§ **WHAT TO PRODUCE**
Reproduce the entries below exactly, but leave the pictures out.

§ **INPUT**
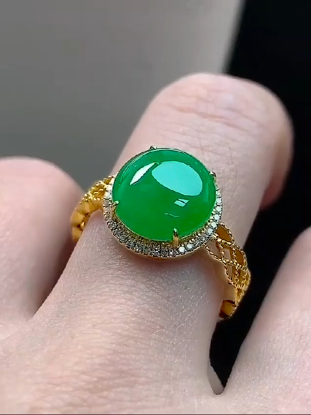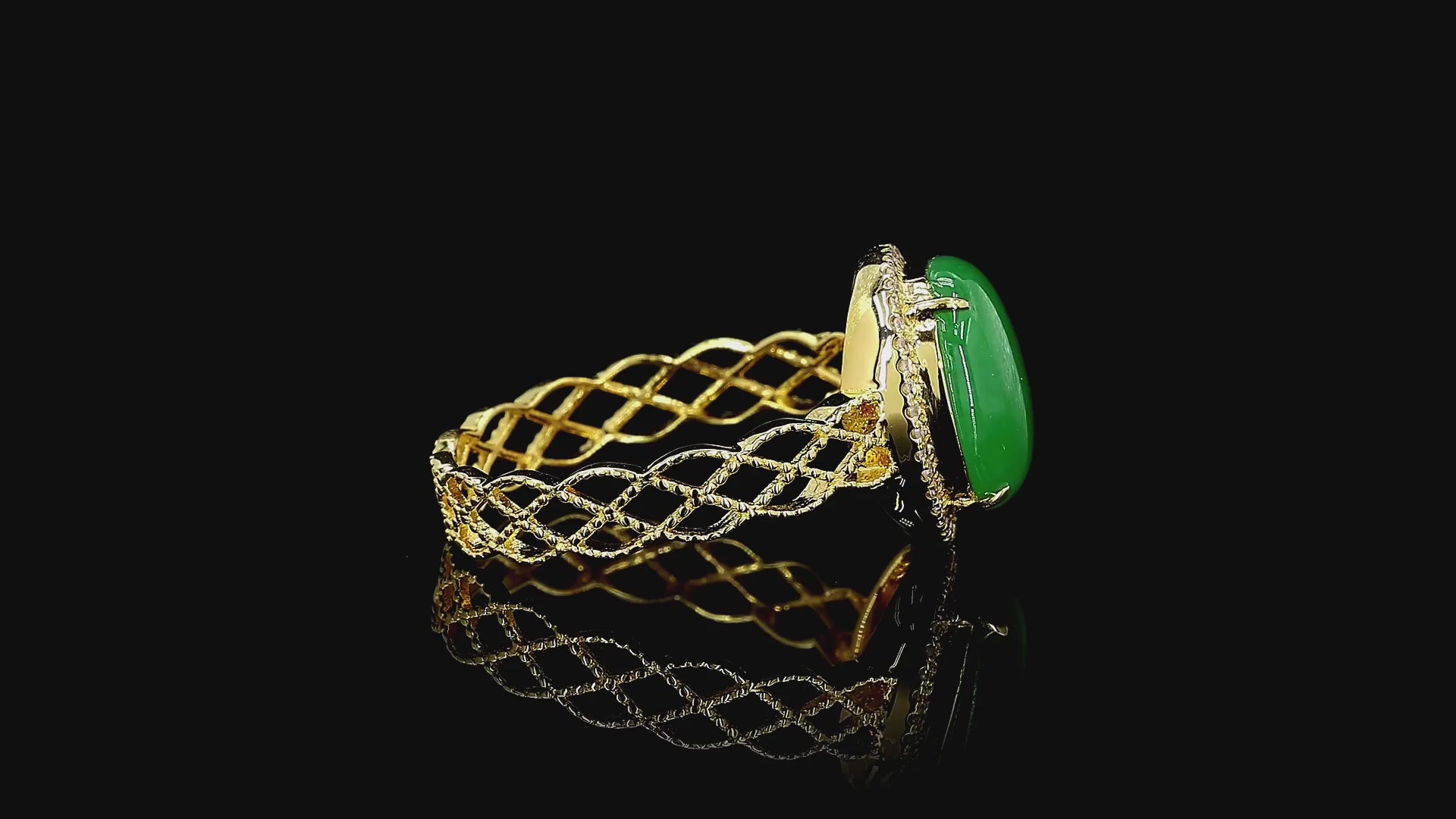 Each Cabochon is a piece-unique, one-of-a-kind. No two Jadeite stones are ever created the same by nature, perfect for something truly exclusive. A great addition to any investment collection. The diamond Halo adds a scintillating sparkle, with the Yellow Gold providing a canvas to showcase the gemstone.
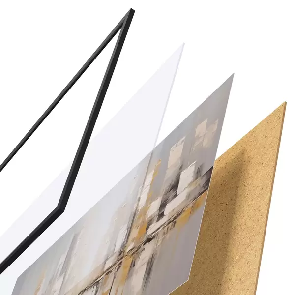 El póster consta de marco, plexiglás, imagen impresa y soporte de aglomerado. El póster puede colgarse inmediatamente en la pared gracias a los soportes de la parte posterior.
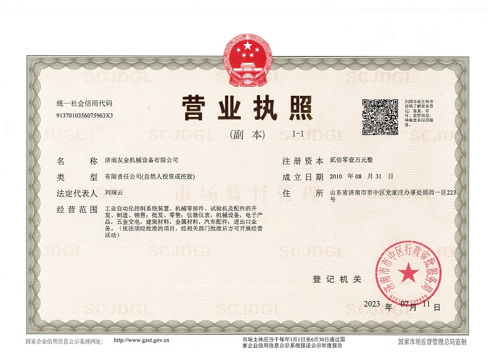 濟(jì)南友金機(jī)械設(shè)備有限公司 地址:濟(jì)南市市中區(qū)黨家辦事處邵西一區(qū)223號(hào)  電話:0531-85895266 傳真:0531-87926347
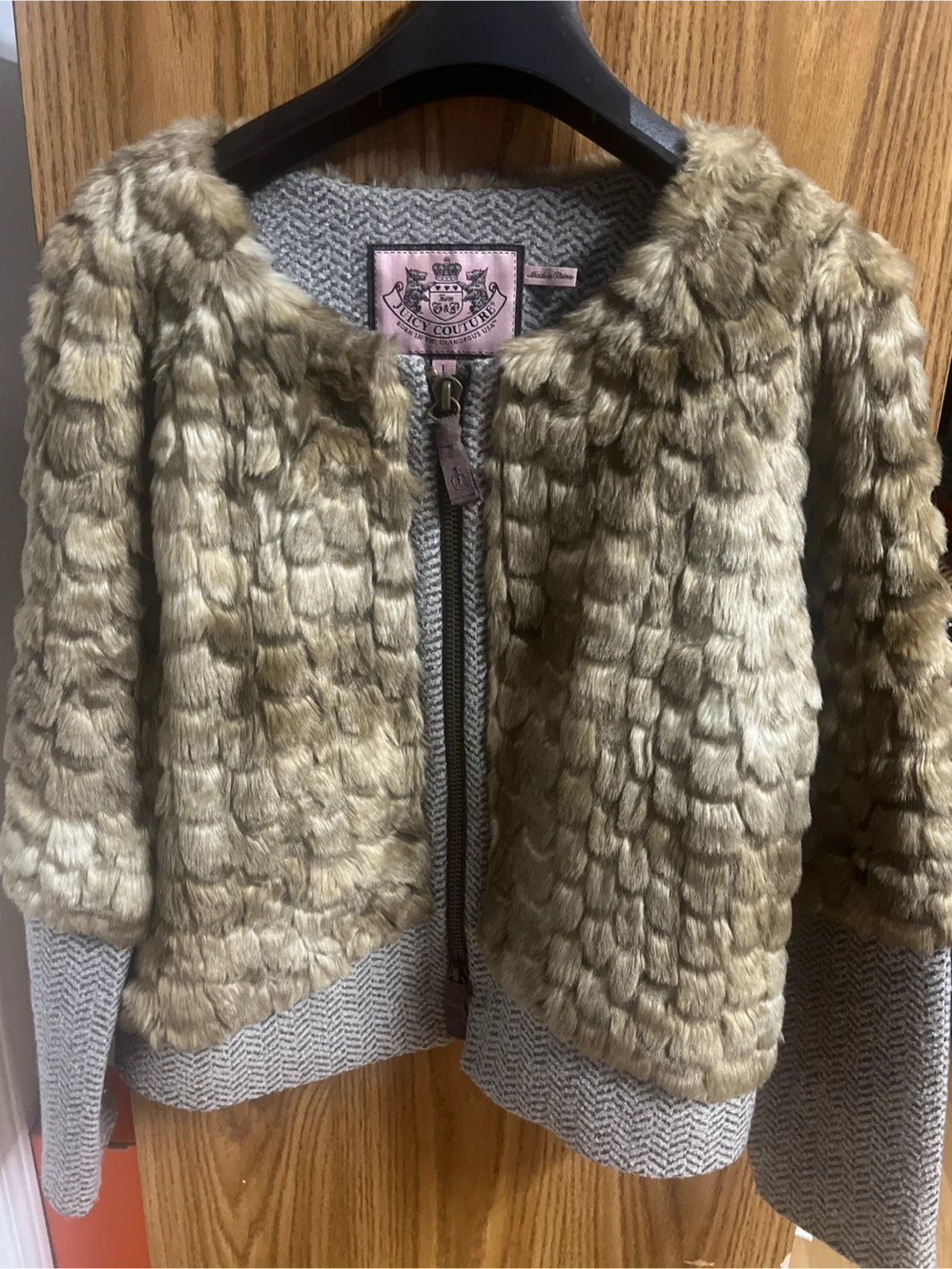 Cozy up in this stylish Juicy Couture jacket! It features a faux fur body with herringbone pattern sleeves and trim. Size L.
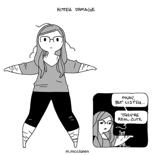 The third cartoon shows my ‘kitten damage.’ There are scratches on all my limbs. In a smaller panel I hold out an arm with a kitten scratching it. I look remorseless as I state ‘Okay, but listen… they’re real cute.’]
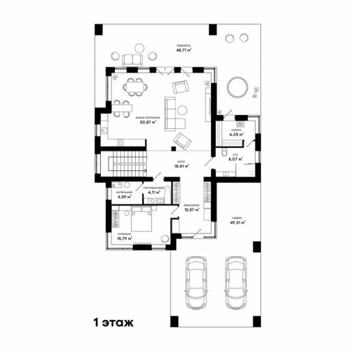 Навес на две машины и полуоткрытая терраса соединяют дом с окружающей средой.
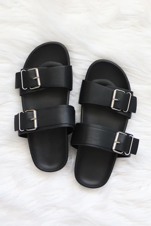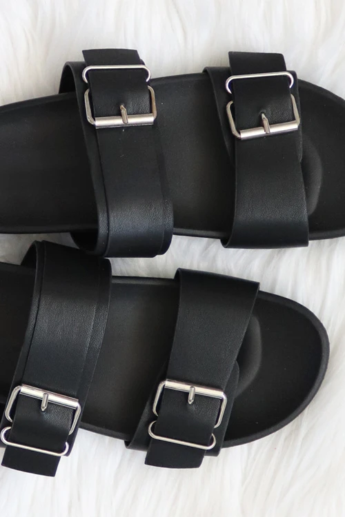 Double strap sandals with buckle detail. A stylish every day sandal that goes with any outfit. Comfortable and stylish!
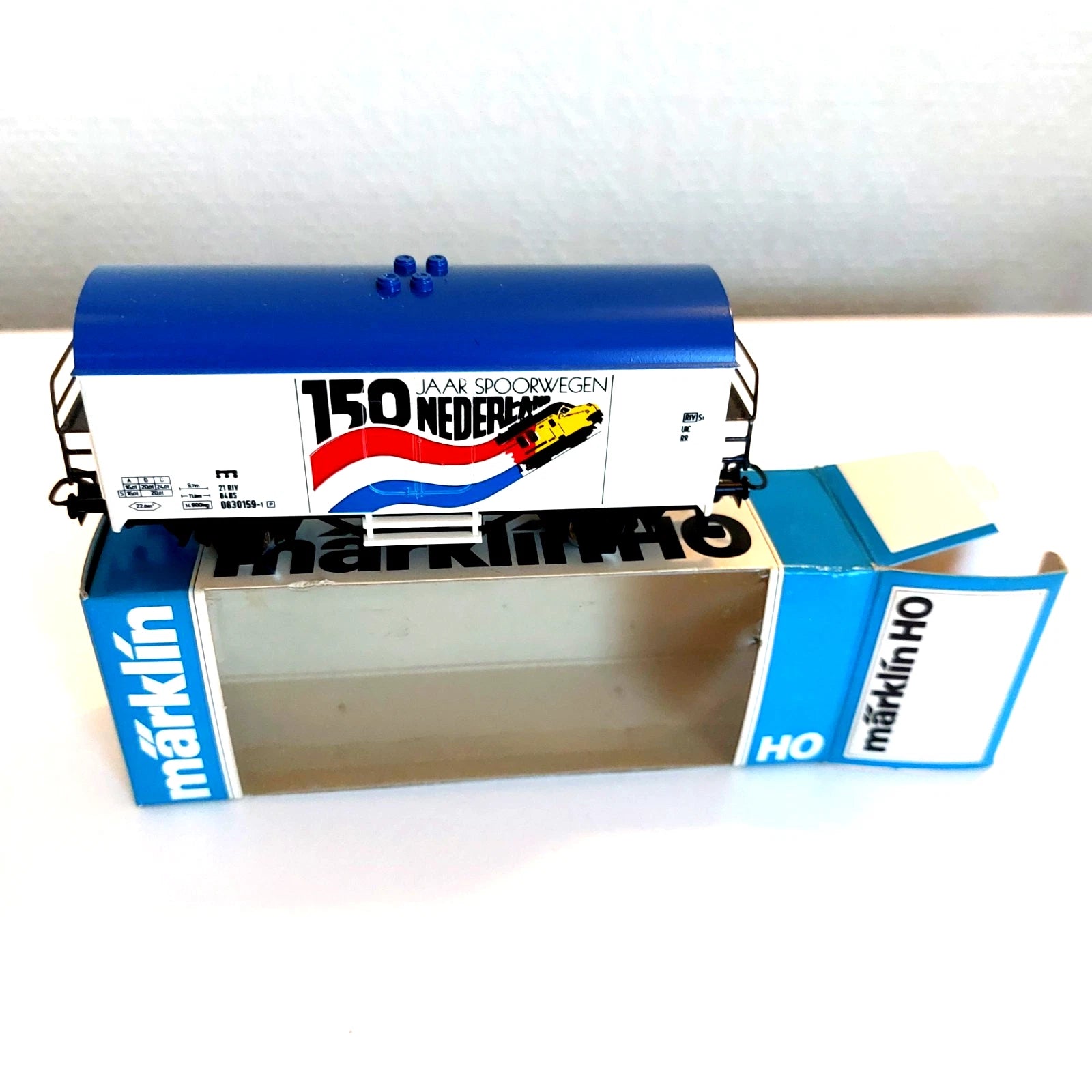 1 x Marklin HO 4541 – 150 Jaar Nederlandse Spoorwegen gesloten goederenwagen, van de NS, in nieuwe staat, met originele doos.Verzendings-, verpakking-, behandelings,- bank transfert kosten zijn ten laste van de koper, verzending op risico van de koper. Gewicht alles inbegrepen : 350 gr.
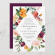 Um convite de casamento elegante e moderno com um tema de outono. Flores e folhagem criam uma moldura de diamante em volta do convite de casamento. A floral de aquarelas do outono inclui rosas amarelas e de ameixas, flores escamosas, mães vermelhas poeirentas e folhas de outono. O convite para o casamento de outono inclui espaço para o primeiro e sobrenomes casais. Personalize o convite para o casamento outono com seus detalhes de casamento. Este convite corresponde à nossa coleção "Autumn Elegance".
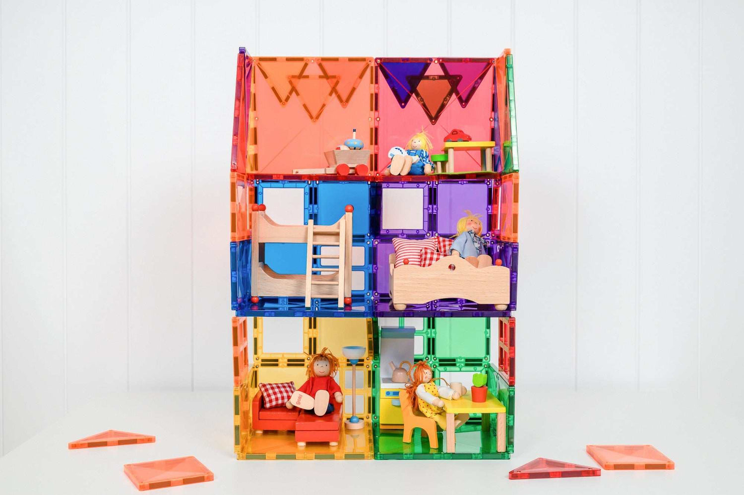 Inhalt: 60 Teile, 4 große Quadrate, 24 kleine Quadrate, 12 gleichseitige Dreiecke, 8 rechtwinklige Dreiecke, 6 gleichschenklige Dreiecke, 4 Fensterteile, 4 Türstücke, Ideenheft, eine praktische Tasche.
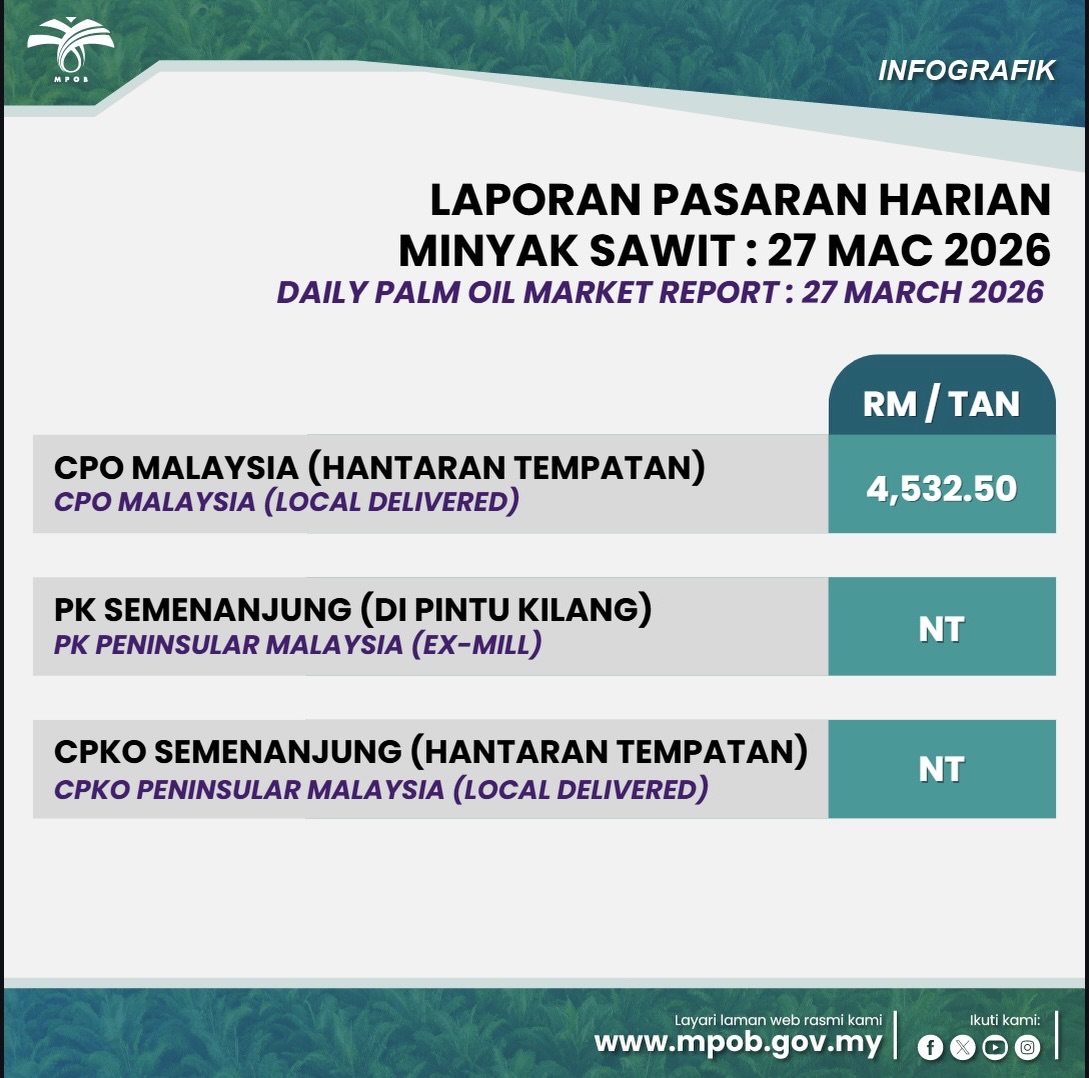 27 MAC 2026: LAPORAN PASARAN HARIAN MINYAK SAWIT

§ **RESPONSE**
 Each Cabochon is a piece-unique, one-of-a-kind. No two Jadeite stones are ever created the same by nature, perfect for something truly exclusive. A great addition to any investment collection. The diamond Halo adds a scintillating sparkle, with the Yellow Gold providing a canvas to showcase the gemstone.
 El póster consta de marco, plexiglás, imagen impresa y soporte de aglomerado. El póster puede colgarse inmediatamente en la pared gracias a los soportes de la parte posterior.
 濟(jì)南友金機(jī)械設(shè)備有限公司 地址:濟(jì)南市市中區(qū)黨家辦事處邵西一區(qū)223號(hào)  電話:0531-85895266 傳真:0531-87926347
 Cozy up in this stylish Juicy Couture jacket! It features a faux fur body with herringbone pattern sleeves and trim. Size L.
 The third cartoon shows my ‘kitten damage.’ There are scratches on all my limbs. In a smaller panel I hold out an arm with a kitten scratching it. I look remorseless as I state ‘Okay, but listen… they’re real cute.’]
 Навес на две машины и полуоткрытая терраса соединяют дом с окружающей средой.
 Double strap sandals with buckle detail. A stylish every day sandal that goes with any outfit. Comfortable and stylish!
 1 x Marklin HO 4541 – 150 Jaar Nederlandse Spoorwegen gesloten goederenwagen, van de NS, in nieuwe staat, met originele doos.Verzendings-, verpakking-, behandelings,- bank transfert kosten zijn ten laste van de koper, verzending op risico van de koper. Gewicht alles inbegrepen : 350 gr.
 Um convite de casamento elegante e moderno com um tema de outono. Flores e folhagem criam uma moldura de diamante em volta do convite de casamento. A floral de aquarelas do outono inclui rosas amarelas e de ameixas, flores escamosas, mães vermelhas poeirentas e folhas de outono. O convite para o casamento de outono inclui espaço para o primeiro e sobrenomes casais. Personalize o convite para o casamento outono com seus detalhes de casamento. Este convite corresponde à nossa coleção "Autumn Elegance".
 Inhalt: 60 Teile, 4 große Quadrate, 24 kleine Quadrate, 12 gleichseitige Dreiecke, 8 rechtwinklige Dreiecke, 6 gleichschenklige Dreiecke, 4 Fensterteile, 4 Türstücke, Ideenheft, eine praktische Tasche.
 27 MAC 2026: LAPORAN PASARAN HARIAN MINYAK SAWIT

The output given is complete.